115  INTEGER incx, n
116  COMPLEX alpha, tau
117 * ..
118 * .. Array Arguments ..
119  COMPLEX x( * )
120 * ..
121 *
122 * =====================================================================
123 *
124 * .. Parameters ..
125  REAL one, zero
126  parameter ( one = 1.0e+0, zero = 0.0e+0 )
127 * ..
128 * .. Local Scalars ..
129  INTEGER j, knt
130  REAL alphi, alphr, beta, rsafmn, safmin, xnorm
131 * ..
132 * .. External Functions ..
133  REAL scnrm2, slamch, slapy3
134  COMPLEX cladiv
135  EXTERNAL scnrm2, slamch, slapy3, cladiv
136 * ..
137 * .. Intrinsic Functions ..
138  INTRINSIC abs, aimag, cmplx, REAL, sign
139 * ..
140 * .. External Subroutines ..
141  EXTERNAL cscal, csscal
142 * ..
143 * .. Executable Statements ..
144 *
145  IF( n.LE.0 ) THEN
146  tau = zero
147  RETURN
148  END IF
149 *
150  xnorm = scnrm2( n-1, x, incx )
151  alphr = REAL( alpha )
152  alphi = aimag( alpha )
153 *
154  IF( xnorm.EQ.zero .AND. alphi.EQ.zero ) THEN
155 *
156 * H = I
157 *
158  tau = zero
159  ELSE
160 *
161 * general case
162 *
163  beta = -sign( slapy3( alphr, alphi, xnorm ), alphr )

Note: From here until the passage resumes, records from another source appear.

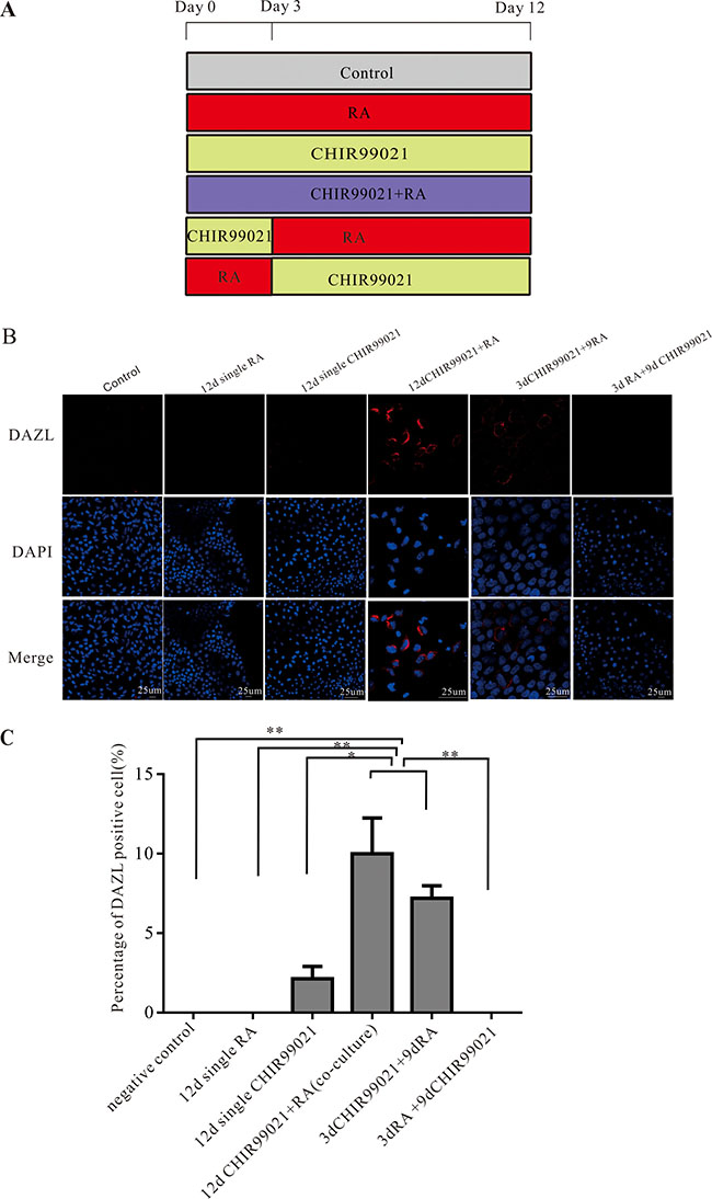 CHIR99021 combined with RA induces the emergence of primitive DAZL-positive cells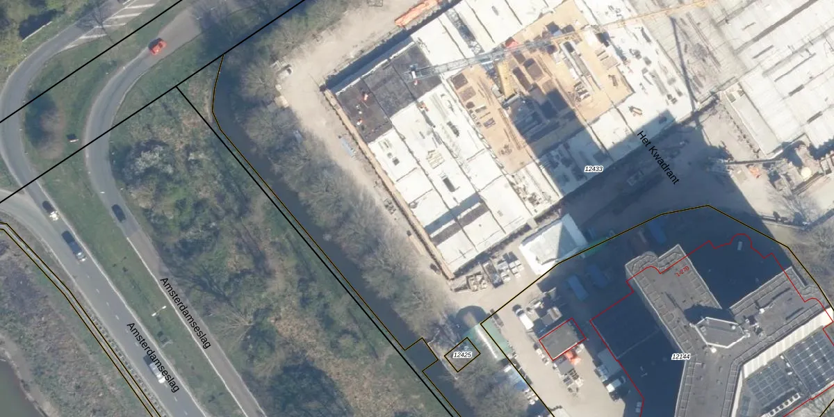 Het perceel waarop Het Kwadrant 434 staat heeft een oppervlakte van 2,1 ha. Dit is een zeer groot perceel. De perceeloppervlakte wordt geregistreerd door het Kadaster. Gedetailleerde informatie over de maten van dit perceel kunt u vinden in het rapport Kadastrale kaart met maatvoering van Het Kwadrant 434.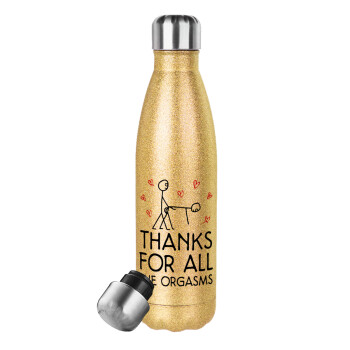 Thanks for all the orgasms, Μεταλλικό παγούρι θερμός Glitter χρυσό (Stainless steel), διπλού τοιχώματος, 500ml

164  safmin = slamch( 'S' ) / slamch( 'E' )
165  rsafmn = one / safmin
166 *
167  knt = 0
168  IF( abs( beta ).LT.safmin ) THEN
169 *
170 * XNORM, BETA may be inaccurate; scale X and recompute them
171 *
172  10 CONTINUE
173  knt = knt + 1
174  CALL csscal( n-1, rsafmn, x, incx )
175  beta = beta*rsafmn
176  alphi = alphi*rsafmn
177  alphr = alphr*rsafmn
178  IF( abs( beta ).LT.safmin )
179  $ GO TO 10
180 *
181 * New BETA is at most 1, at least SAFMIN
182 *
183  xnorm = scnrm2( n-1, x, incx )
184  alpha = cmplx( alphr, alphi )
185  beta = -sign( slapy3( alphr, alphi, xnorm ), alphr )
186  END IF
187  tau = cmplx( ( beta-alphr ) / beta, -alphi / beta )
188  alpha = cladiv( cmplx( one ), alpha-beta )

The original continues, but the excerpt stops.